** Information follows **

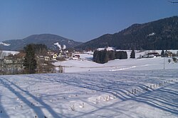 | Im Hintergrund links der Patscha, rechts der Wolfsattel (beide Berge), dazwischen die Weizklamm | Eigenes Werk | Erwin 2010 | Datei:Haufenreith Dorf im Winter.jpg | |
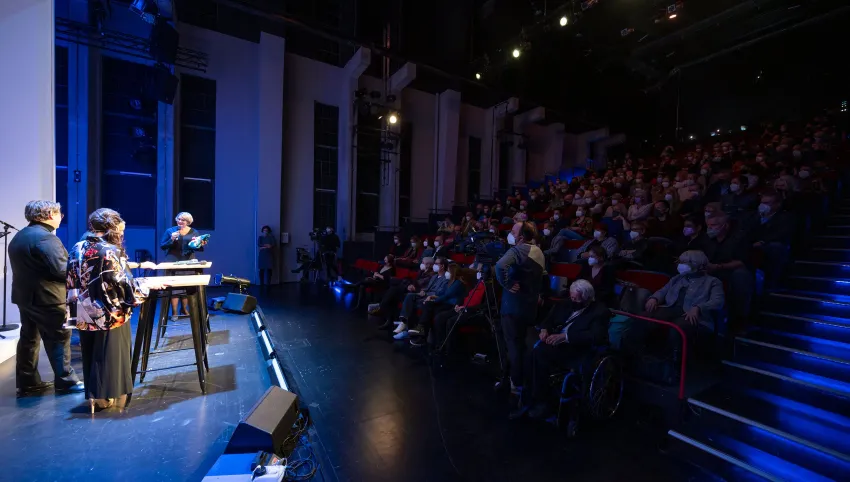 Festivaleröffnung mit Oberbürgermeisterin Eva Weber, Kulturreferent Jürgen K. Enninger, Tom Kühnel, Jürgen Kuttner. Moderation: Marion Buk-Kluger.
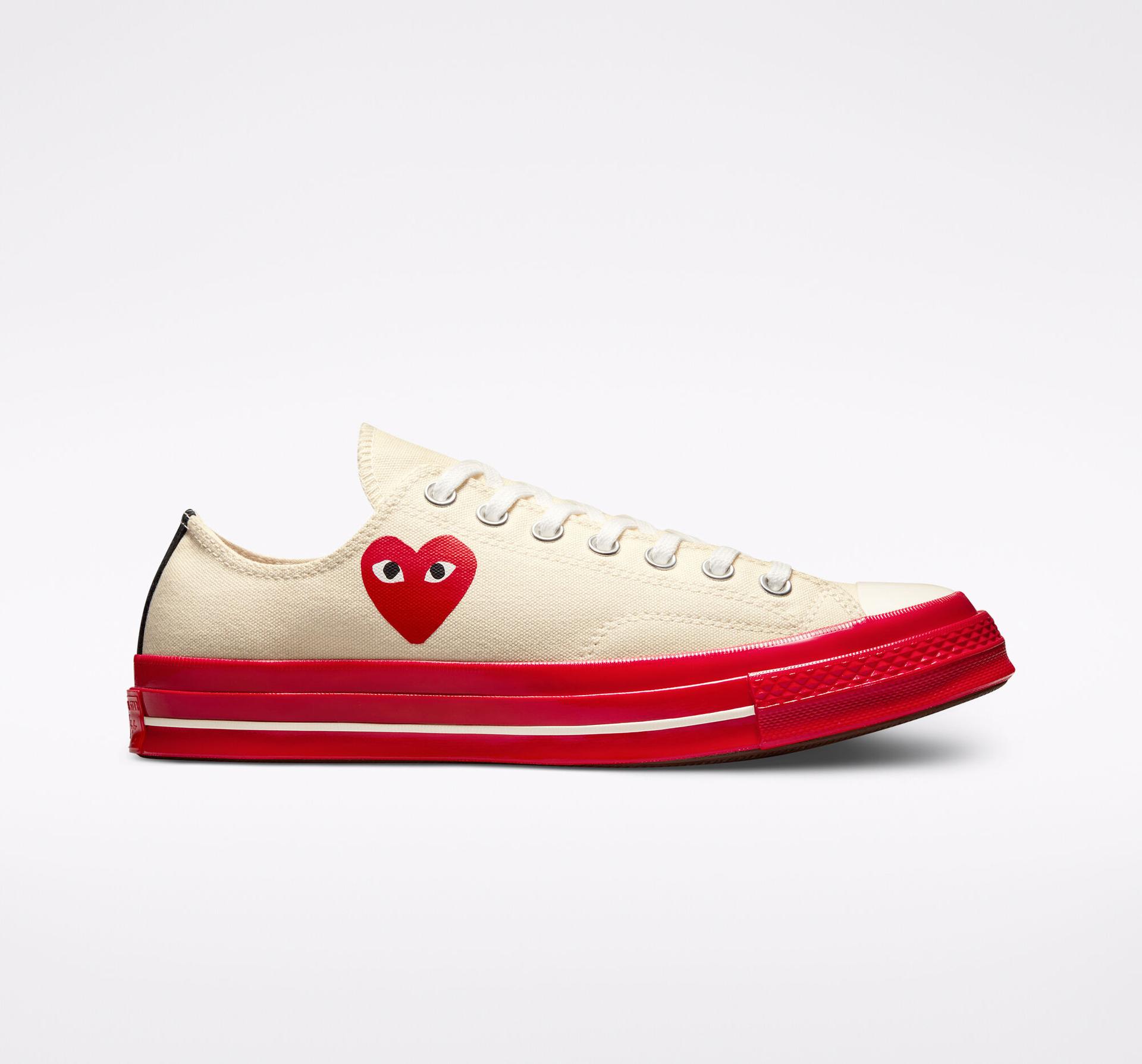 After 12 years of an iconic partnership, we’re celebrating the young creatives who push the boundaries of culture through art, music and skateboarding. Featuring a first-ever red foxing and odes to collaboration’s heritage, this bold new design is made for those who follow their heart – and their own footsteps. The Converse x CDG PLAY legacy continues. A new street icon is born.
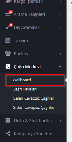 Sipsis Wallboard - çağrı merkezi izleme ekranına, sol menüde yer alan Çağrı Merkezi > Wallboard butonundan ulaşabilirsiniz.
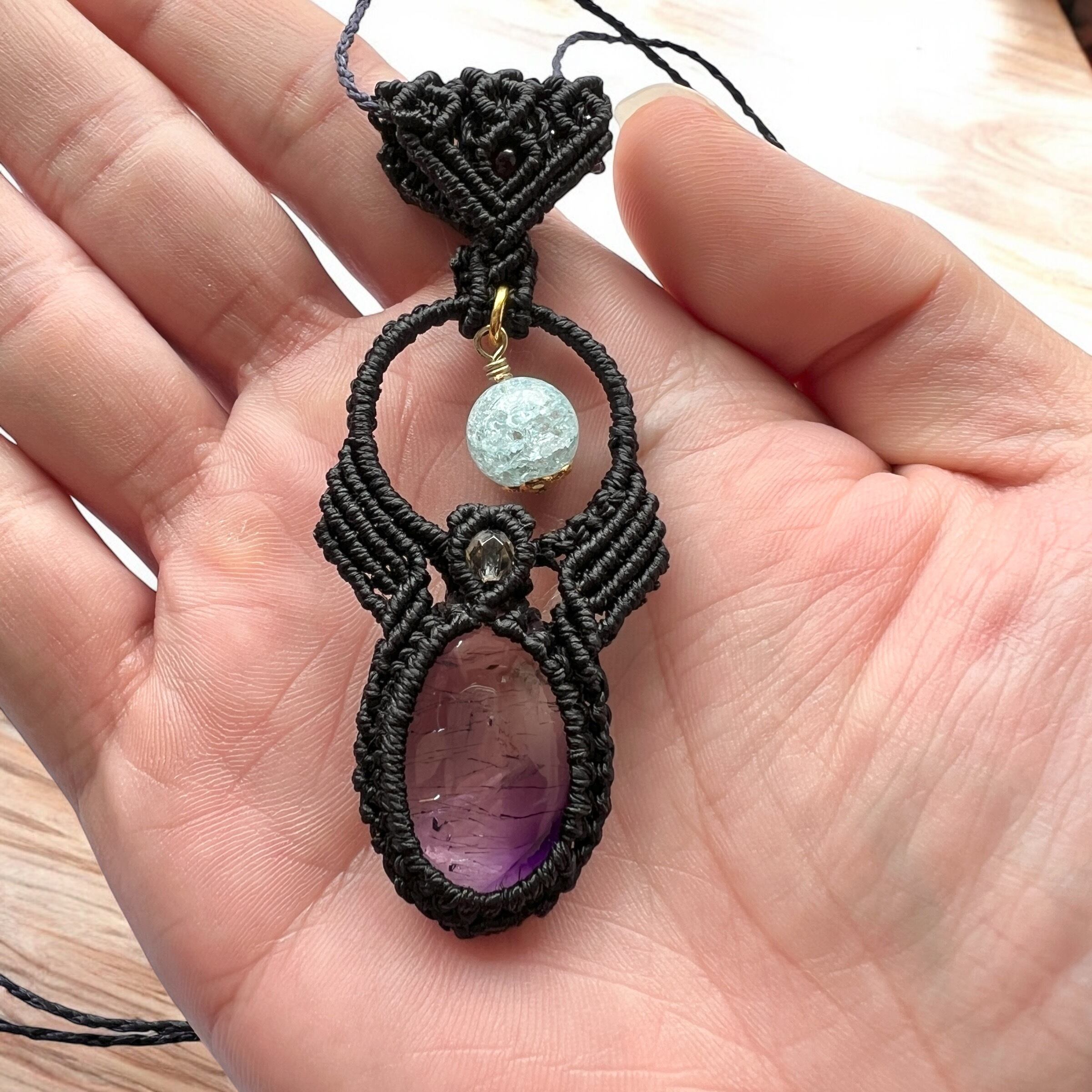 天使の贈り物:エレスチャルアメジストとクラッククォーツのマクラメ編みチョーカー【送料無料】[P-107N]
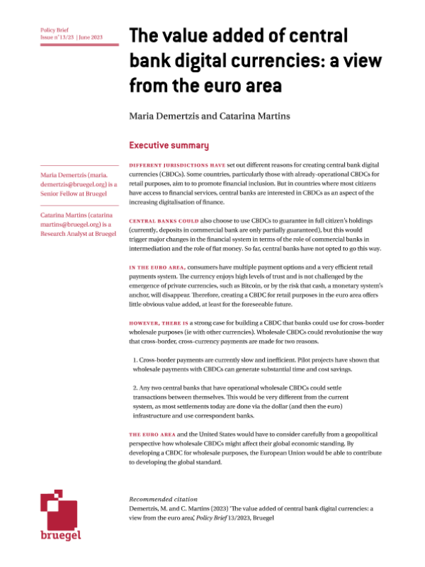 【布鲁盖尔研究所】【202306】央行数字货币的增值:来自欧元区的观点-19页
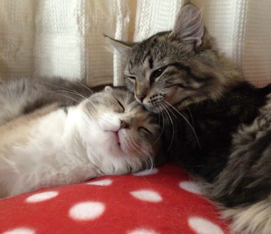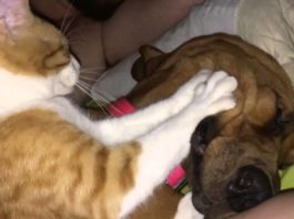 Questo cagnolino è proprio tanto affettuoso nei confronti del suo amico gatto, che se ne sta buono buono a ricevere le coccole.
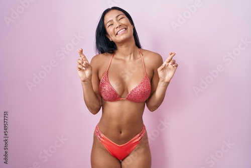 Obraz premium Hispanic woman wearing bikini gesturing finger crossed smiling with hope and...
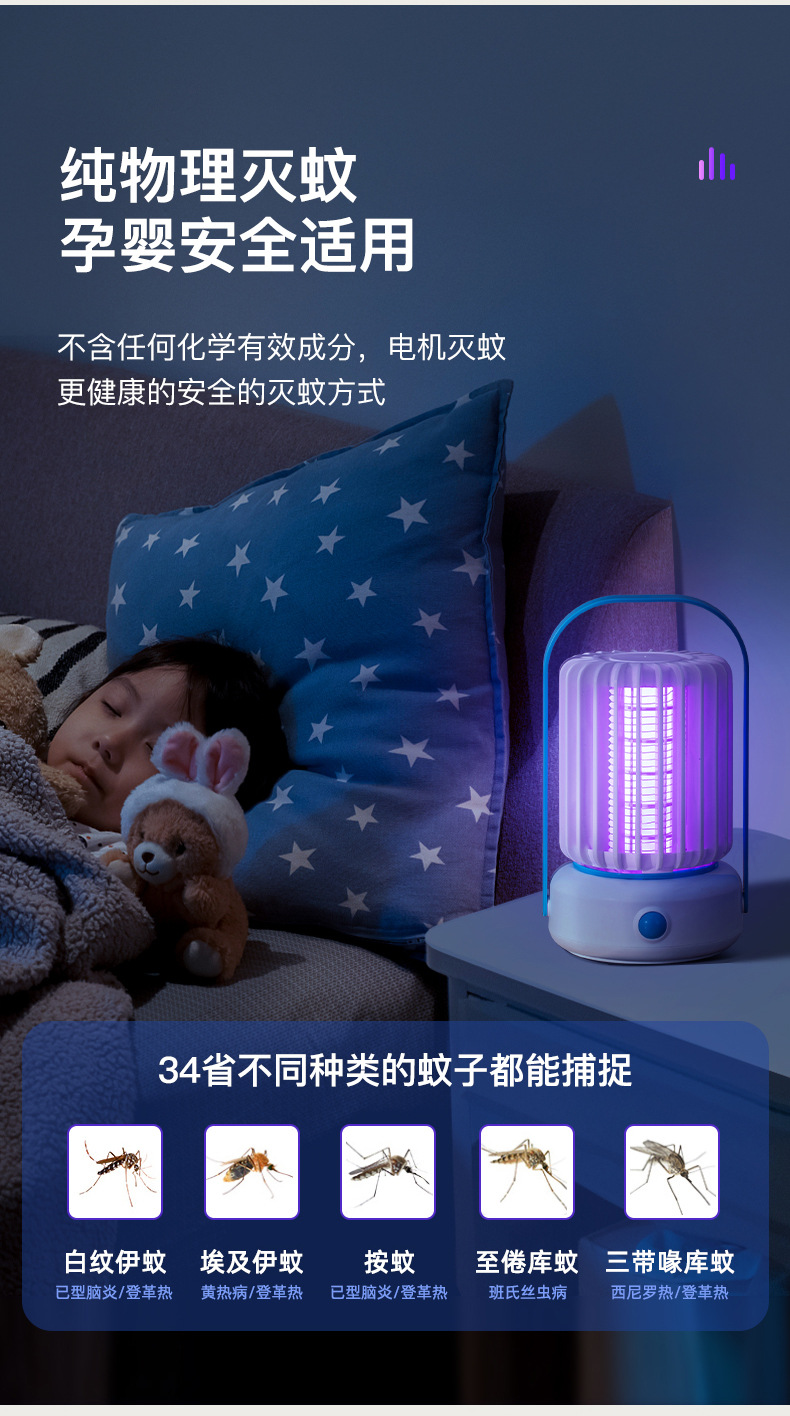 【纯物理灭蚊❗️天虹新款LED灭蚊灯】孕婴安全适用家用挂式电击式灭蚊器两用静音诱捕电子补蚊灯
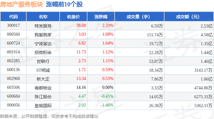 证券之星消息,1月28日房地产服务板块较上一交易日上涨1.03%,特发服务领涨。当日上证指数报收于 4151.24,上涨0.27%。深证成指报收于14342.9,上涨0.09%。房地产服务板块个股涨跌见下表: | 代码 | 名称 | 收盘价 | 涨跌幅 | 成交量(手) | 成交额(元) | | | --- | --- | --- | --- | --- | --- | --- | | 300917 | 特发服务 | 38.68 | 2.33% | 6.59万 | | 2.53亿 | | 000560 | 我爱我家 | 3.03 | 1.68% | 151.74万 | | 4.58亿 | | 600724 | 宁波富达 | 6.82 | 1.64% | 19.72万 | | 1.35亿 | | 001914 | 招商积余 | 11.73 | 1.12% | 12.28万 | | 1.44亿 | | 002285 | 世联行 | 2.73 | 1.11% | 53.87万 | | 1.46 Z | | 600136 | ST明诚 | 1.71 | 0.59% | 18.34万 | | 3143.17万 | | ...

** End of Information **

▸ **Task to complete**
Give back exactly the lines from the one with "天使の贈り物:エレスチャルア" through the end of the records above, inclusive, and omit any pictures.

▸ **Answer area**
 天使の贈り物:エレスチャルアメジストとクラッククォーツのマクラメ編みチョーカー【送料無料】[P-107N]
 【布鲁盖尔研究所】【202306】央行数字货币的增值:来自欧元区的观点-19页
 Questo cagnolino è proprio tanto affettuoso nei confronti del suo amico gatto, che se ne sta buono buono a ricevere le coccole.
 Obraz premium Hispanic woman wearing bikini gesturing finger crossed smiling with hope and...
 【纯物理灭蚊❗️天虹新款LED灭蚊灯】孕婴安全适用家用挂式电击式灭蚊器两用静音诱捕电子补蚊灯
 证券之星消息,1月28日房地产服务板块较上一交易日上涨1.03%,特发服务领涨。当日上证指数报收于 4151.24,上涨0.27%。深证成指报收于14342.9,上涨0.09%。房地产服务板块个股涨跌见下表: | 代码 | 名称 | 收盘价 | 涨跌幅 | 成交量(手) | 成交额(元) | | | --- | --- | --- | --- | --- | --- | --- | | 300917 | 特发服务 | 38.68 | 2.33% | 6.59万 | | 2.53亿 | | 000560 | 我爱我家 | 3.03 | 1.68% | 151.74万 | | 4.58亿 | | 600724 | 宁波富达 | 6.82 | 1.64% | 19.72万 | | 1.35亿 | | 001914 | 招商积余 | 11.73 | 1.12% | 12.28万 | | 1.44亿 | | 002285 | 世联行 | 2.73 | 1.11% | 53.87万 | | 1.46 Z | | 600136 | ST明诚 | 1.71 | 0.59% | 18.34万 | | 3143.17万 | | ...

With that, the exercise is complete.